Skip to content

Activations Parallel

Activation functions introduce non-linearity to the network. Located in Gradien.NN.Activations.

Standard

FunctionDefinition
ReLU(x)max(0, x)
Sigmoid(x)1 / (1 + exp(-x))
Tanh(x)(exp(x) - exp(-x)) / (exp(x) + exp(-x))

Probability

Softmax

Converts a vector of values to a probability distribution. The elements of the output vector are in range (0, 1) and sum to 1.

lua
(logits: Tensor) -> Tensor
lua
local probs = Gradien.NN.Softmax.forward(logits)

Advanced

GELU

Gaussian Error Linear Unit. Often used in Transformers.

lua
(x: Tensor) -> Tensor

LeakyReLU

ReLU with a small slope for negative values to prevent dead neurons.

lua
(x: Tensor, alpha: number?) -> Tensor -- alpha defaults to 0.01

ELU

Exponential Linear Unit.

lua
(x: Tensor, alpha: number?) -> Tensor -- alpha defaults to 1.0

SwiGLU

Swish-Gated Linear Unit.
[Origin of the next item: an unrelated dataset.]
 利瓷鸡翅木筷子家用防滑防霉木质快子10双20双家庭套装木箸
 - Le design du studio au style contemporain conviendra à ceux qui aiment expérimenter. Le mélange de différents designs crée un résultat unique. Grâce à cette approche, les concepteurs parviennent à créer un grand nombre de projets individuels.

Requires two inputs.

lua
(a: Tensor, b: Tensor) -> Tensor

SwiGLUSplit

Splits the input tensor into two halves and applies SwiGLU.

lua
(x: Tensor, hidden: number?) -> Tensor

SiLU (Swish)

x * sigmoid(x)

lua
(x: Tensor) -> Tensor

Mish

x * tanh(ln(1 + exp(x)))

lua
(x: Tensor) -> Tensor

SeLU

Scaled Exponential Linear Unit.

lua
(x: Tensor, alpha: number?, lambda: number?) -> Tensor